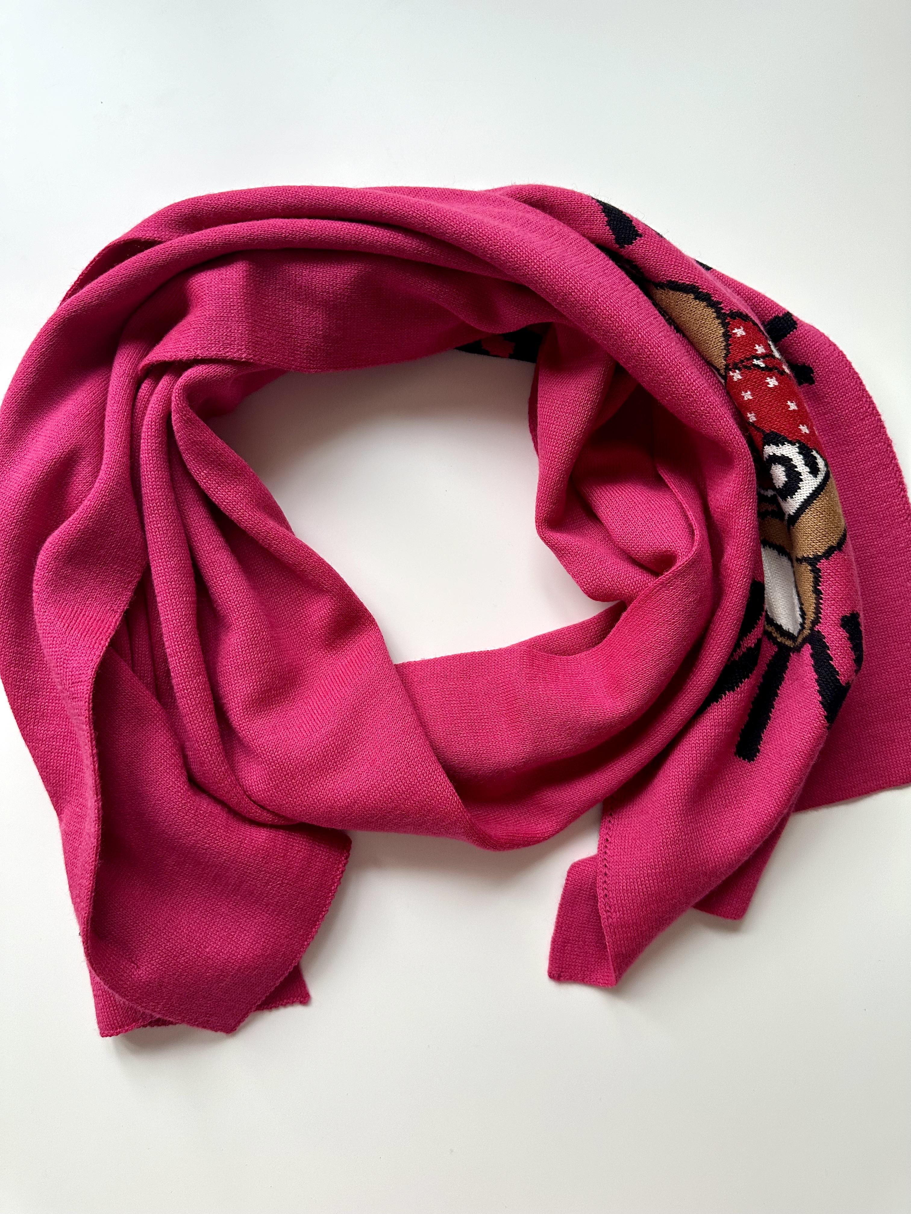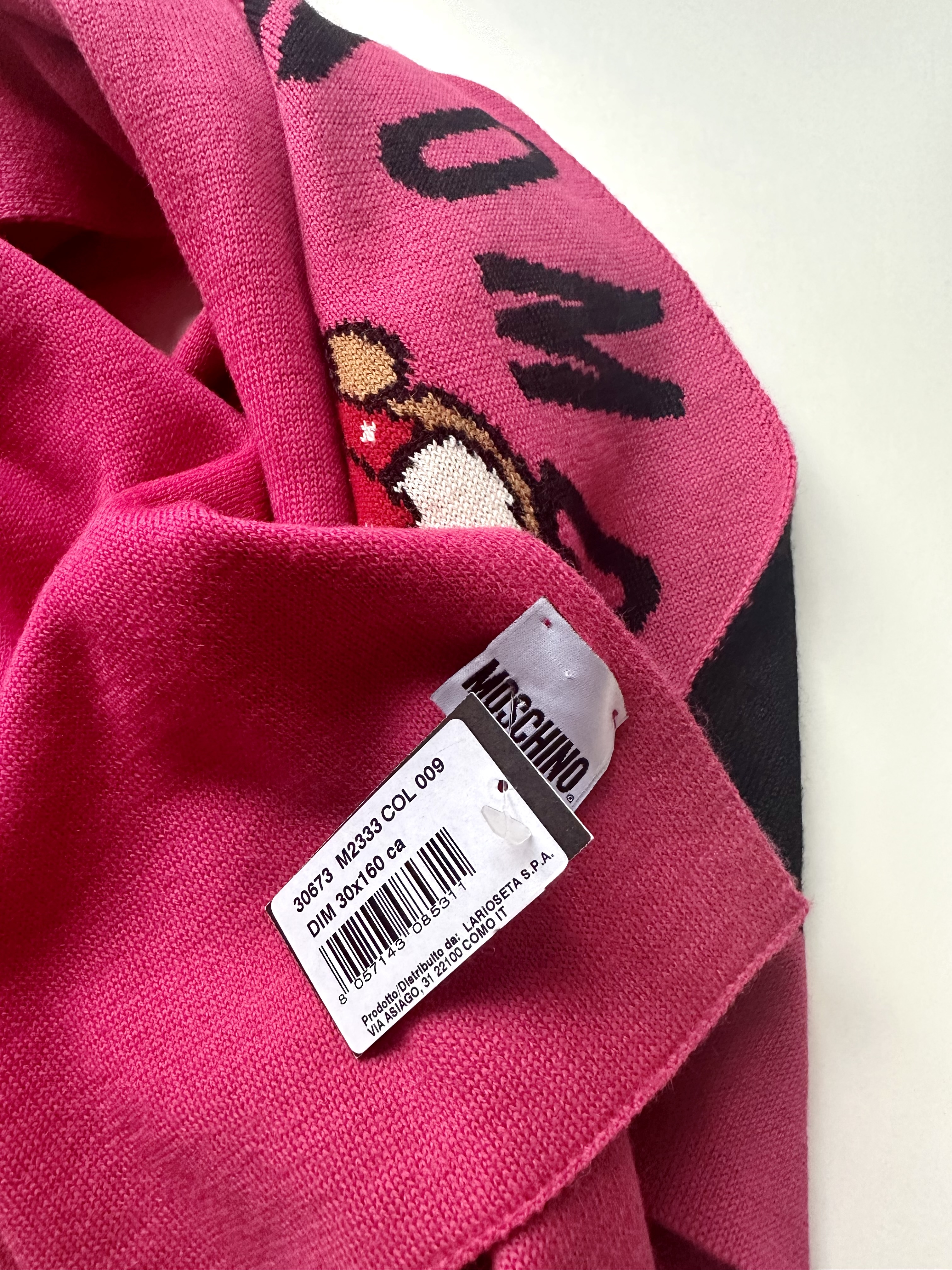 Moschino malinowy wełniany szalik
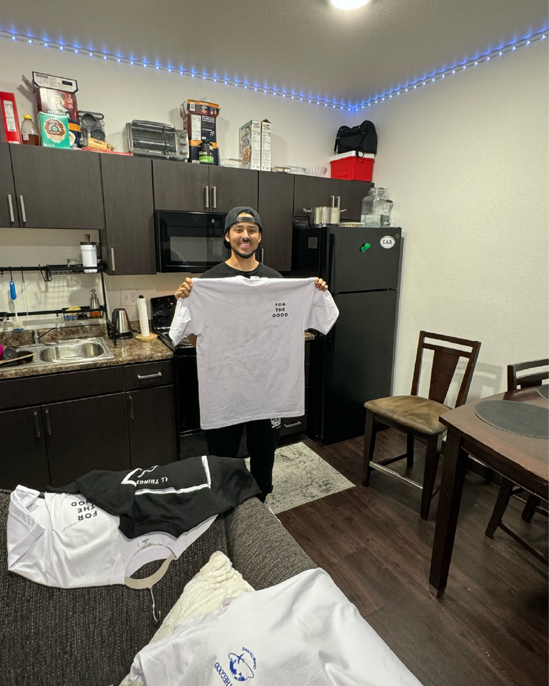 Winston and Cooper were a huge part of why ForTheGood became so popular on campus. They spent late nights helping Nik build the business and bringing great ideas to the table. From helping screen print for hours on end, sorting inventory in their dorm, to setting up the markets on campus and inviting all of their friends. These friends were the backbone of the early stages of ForTheGood and are the reason for why it's still around. With that I cannot thank you both enough for helping Rachel and I and I will forever treasure the memories that were made together!
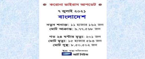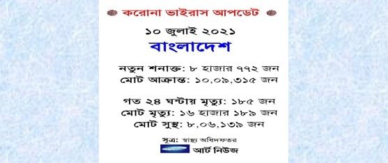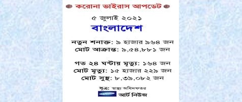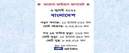 ১০ জুলাই ২০২১ (নিউজ ডেস্ক): ১০ জুলাই ২০২১ (নিউজ ডেস্ক): দেশে করোনা ভাইরাসে গত ২৪ ঘন্টায় আরও ১৮৫ জন মারা…
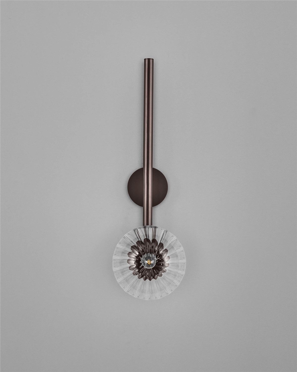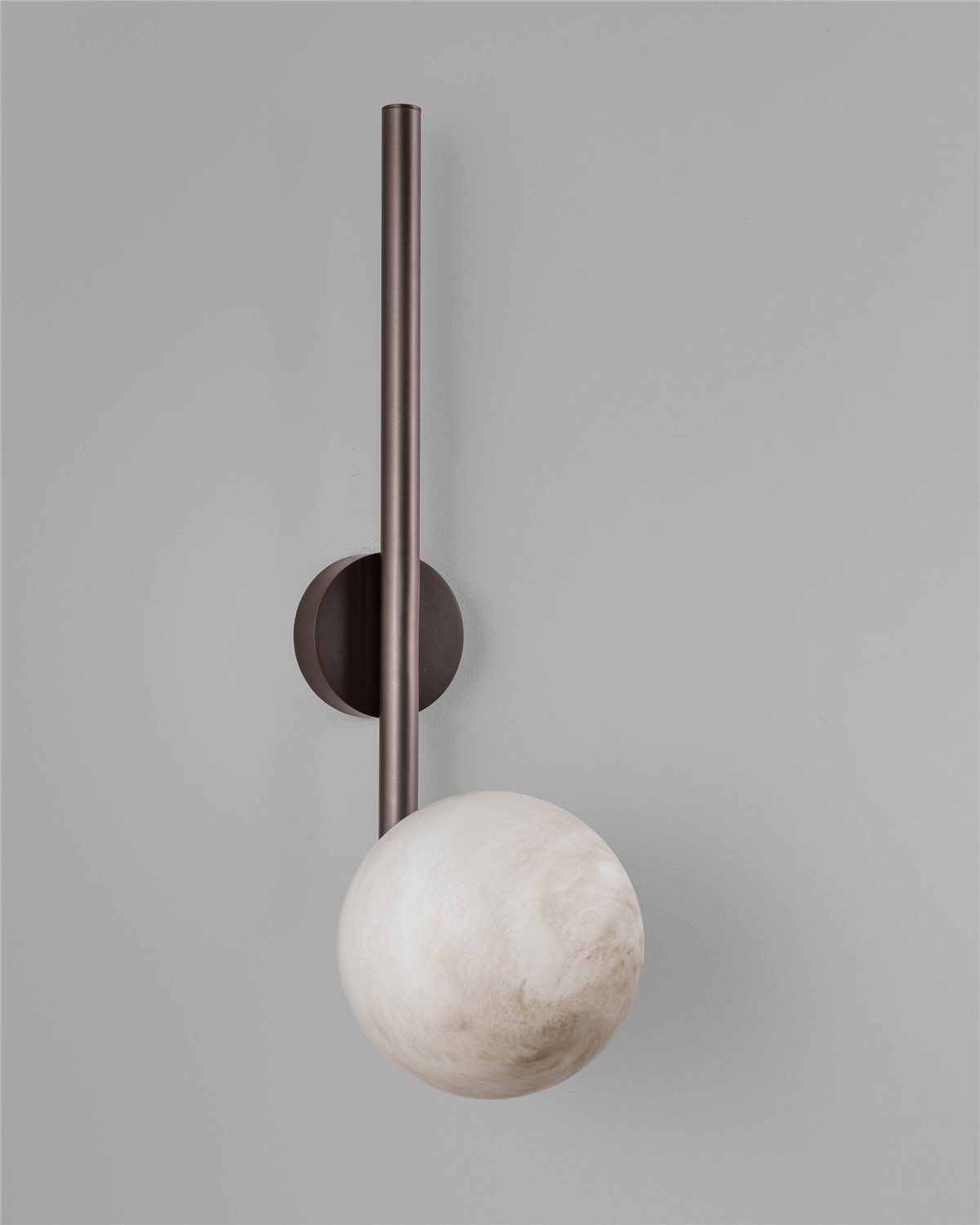 Even solitary, coherence resides in the line. The Tubular Sconce LD distills this graphic principle of the early modernists into a fixture; a solid brass arm extends from the wall, curving deftly to cradle a single, glowing sphere of opal, marble, or clear ribbon glass.With its scale expanded from its smaller counterpart, it happily ties in a room, be it generous or modest. Selectable in various brass finishes.
--------
• _Action item_
Retype the data above verbatim, minus images.

• _Task response_
 Moschino malinowy wełniany szalik
 Winston and Cooper were a huge part of why ForTheGood became so popular on campus. They spent late nights helping Nik build the business and bringing great ideas to the table. From helping screen print for hours on end, sorting inventory in their dorm, to setting up the markets on campus and inviting all of their friends. These friends were the backbone of the early stages of ForTheGood and are the reason for why it's still around. With that I cannot thank you both enough for helping Rachel and I and I will forever treasure the memories that were made together!
 ১০ জুলাই ২০২১ (নিউজ ডেস্ক): ১০ জুলাই ২০২১ (নিউজ ডেস্ক): দেশে করোনা ভাইরাসে গত ২৪ ঘন্টায় আরও ১৮৫ জন মারা…
 Even solitary, coherence resides in the line. The Tubular Sconce LD distills this graphic principle of the early modernists into a fixture; a solid brass arm extends from the wall, curving deftly to cradle a single, glowing sphere of opal, marble, or clear ribbon glass.With its scale expanded from its smaller counterpart, it happily ties in a room, be it generous or modest. Selectable in various brass finishes.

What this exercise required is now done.